We decided to use a ChaCha20-based CSPRNG for similar reasons as the underlying stream cipher (see below). We also tested the quality of our random generators---both the CSPRNG used by our protocols and the TRNG used to seed it---by using the NIST SP 800-22 and Dieharder test suites\!\!
\iflong
with 10mil samples
\fi
, evaluating its results to be free of statistical bias.
\subsection{HMAC}
A hash-based message authentication code (HMAC) is used to provide data integrity. As the name implies, HMAC relies on the security of cryptographic hash functions. Informally, it uses a symmetric key on the message to generate a \textit{tag} $\tau$, which can be verified re-computing the tag themselves and checking that the tag is the same.
Given a secret key $k$ and message $m$, HMAC can be built from a hash function $H$ as follows:
$$
\HMAC_k(m) \defeq H(k_1 \| H(k_2 \| m))
$$
where $k_1 \defeq k \oplus (\texttt{0x36} \cdots \texttt{0x36})$ and $k_2 \coloneqq k \oplus (\texttt{0x5c}\cdots \texttt{0x5c})$. For security purposes, we will be using SHA-256 for the hash function.
\iflong
The length of $k$ and the byte strings that they are XORed with are then chosen to be 32 Bytes. If the user wishes to use the key $k$ of a different length, they may use $H(k)$ instead of $k$ to make it satisfy the length requirement.
\fi
More details about HMAC can be found in the RFC 2104 standards document \cite{rfc2104}.
%HMAC can be used to provide the authenticity and integrity of the message $m$. Upon receiving the message $m$ and its HMAC tag $\tau$, a verifier can compute the HMAC of $m$ using the shared secret key and verify whether it matches the provided HMAC tag $\tau$ that they received along with $m$. This shows whether $\tau$ truly was generated by the owner of the shared secret key or not, and whether $m$ was altered during the course of communication. However, using HMAC alone can make the protocol vulnerable against replay attacks where an eavesdropper seizes a message-MAC pair $(m, \tau)$ and uses it to impersonate the sender. To prevent this, we will be including nonce which will be used along with the message $m$ to generate the MAC value, and checked for uniqueness.
\subsection{ChaCha20 Authenticated Encryption}
Authenticated Encryption (AE) is a cryptographic primitive which can be used to provide both confidentiality and authenticity of messages.
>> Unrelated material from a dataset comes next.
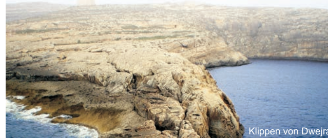
Klippen von Dwejra

GEOPULS wurde 2004 von Dozenten des Geographischen Instituts in Tübingen gegründet und veranstaltet seit 2012 gemeinsam mit dem Landesverband der Deutschen Schulgeographen NRW Exkursionen in alle Welt, mit dem Ziel kulturell und naturräumlich ganz unterschiedliche Regionen der Erde mit der ganzen Bandbreite geographischer Inhalte zu erleben. Bei allen Exkursionen werden Sie deshalb von landeskundigen Hochschulgeographen geführt, die, durch ihre Erfahrungen, zu Natur und Kultur des jeweiligen Exkursionszieles umfassende geographische Inhalte vermitteln können.

Informally, AE can be thought of as an encryption together with a MAC tag $\tau$, which is \textit{internally} included as part of the ciphertext $c$ and carefully checked during decryption.
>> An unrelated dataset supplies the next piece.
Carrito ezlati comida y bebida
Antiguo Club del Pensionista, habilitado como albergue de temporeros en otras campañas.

Given a shared secret key $k$, encrypting an authenticated message $m$ into ciphertext $c$ is described as follows, where \nonce is a public random nonce (``number used once''):
\begin{align*}
c &\coloneqq \Enc_k(m, \nonce) \\
\Dec_k(c, \nonce) &\coloneqq m \text{ or } \mathsf{Error}
\end{align*}
We decided to use ChaCha20-Poly1305 as
\iflong
it is much more resilient against timing and caching attacks than other popular private key encryption schemes such as AES \cite{Najm2018ChaCha20}, and is currently considered one of the most secure encryption schemes against cryptoanalytic attacks \cite{Mouha2013Salsa20}. Several experimental results such as \cite{DeStatis2017ChaCha20} show that ChaCha20 is more optimal for embedded systems due to its optimal performance.
\else
it is one of the most secure symmetric authenticated encryption schemes against various side-channel and RNG-based attacks, and is designed to work well on embedded systems.
\fi
As message authenticity is crucial to the design of MISC, ChaCha20-Poly1305 will provide an additional layer of authenticity in our protocol where needed.
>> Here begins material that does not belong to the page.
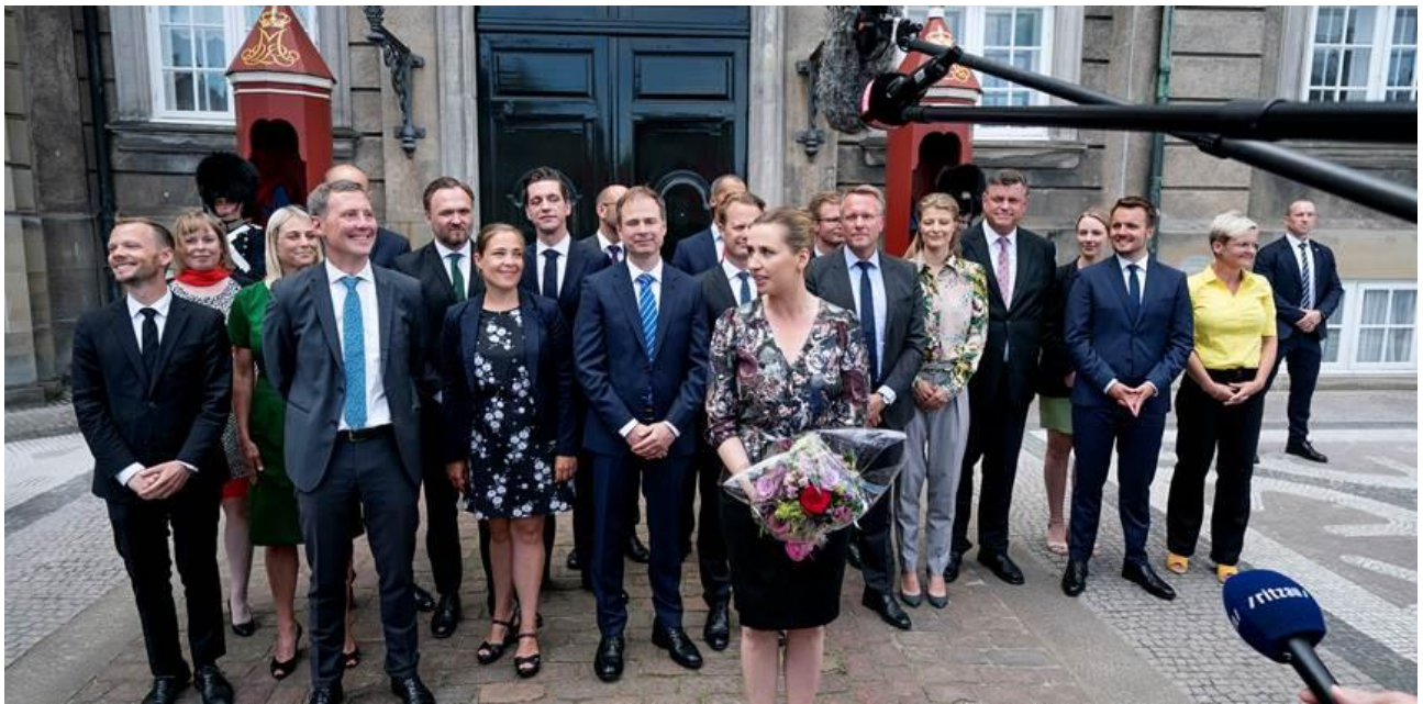
Det er hende i den gule bluse, der er vores undervisningsminister

Så var det ugen, hvor regeringen fremsatte deres finanslovsforslag, og der var nok nogen, der fik morgenkaffen galt i halsen, for de værste gisninger blev indfriet. Hvis lovforslaget bliver vedtaget uden ændringer, betyder det en nedgang i vores tilskud på omkring 165000kr/år. Men der er enkelte lyspunkter, som jeg hurtigt vil fortælle om. For det første er det kun et forslag. Nu skal forhandlingerne i gang, og der er ikke mange partier i Folketinget der bakker op om en nedgang i koblingsprocenten fra 76 til 71, som Socialdemokraterne stiller forslag om. De kommende forhandlinger vil vise, om der er vilje til at kæmpe friskolernes sag fra de andre partier. Forslaget træder først i kraft år 2021, så vi har næsten halvandet år til at forberede os, og som den sidste formildende fortælling, så er der afsat en pulje på 75 millioner til skoler som løfter eleverne socialt, som ligger ude på landet langt fra en folkeskole og som sidste pind; har et lavt socioøkonomisk indeks blandt forældregruppen. Jeg ved ikke om vi kommer i betragtning til disse midler; vi kender ikke endnu kriterierne for beregningerne. En fjerde pind, der peger i positiv retning,

%For the sake of brevity, however, we will leave out the details of the ChaCha20-Poly1305 construction.
Curious readers can reference the RFC 8439 standards document \cite{rfc8439} for more details on its construction
\subsection{Ed25519 Digital Signatures}
Digital signatures, similar to Message Authentication Codes (MACs), are used to authenticate the integrity of data. Unlike MACs, however, they have two separate keys: a \emph{private} signing key to sign some message $m$ and produce a \textit{signature}, and a \emph{public} verification key to check that the message has not been tampered with since signing.
\iflong
Unlike HMACs, where both the ``signer'' and the verifier have access to the same secret key, having a public private signature keypair provides guarantees that only the owner of the signing key (not even the verifier!) can sign the message.
\fi
Given a public-private keypair $(\mathsf{pk}, \mathsf{sk})$, signing a message $m$ is described as follows:
\begin{align*}
\sigma &\defeq \mathsf{Sign}_{\mathsf{sk}}(m) \\
\mathsf{Ver}_{\mathsf{pk}}(m, \sigma) &\to \{0,1\}
\end{align*}
We decided to use Ed25519 (i.e., EdDSA over the Curve25519 Twisted Edwards elliptic curve) due to its robustness against various side-channel attacks
\iflong
%\cite{LCRYPT:FA19}
\cite{SSHSoK:OKBAK23}, weak random nonces \cite{rfc8032}, and key substitution attacks \cite{IEEESP:BCJZ21} compared to other popular digital signature schemes such as ECDSA and RSA, and is also easily compatible with embedded systems.
\else
and RNG-based attacks, and is also easily compatible with embedded systems.
\fi
Curious readers can reference the RFC 8032 standards document \cite{rfc8032} for more details on its construction.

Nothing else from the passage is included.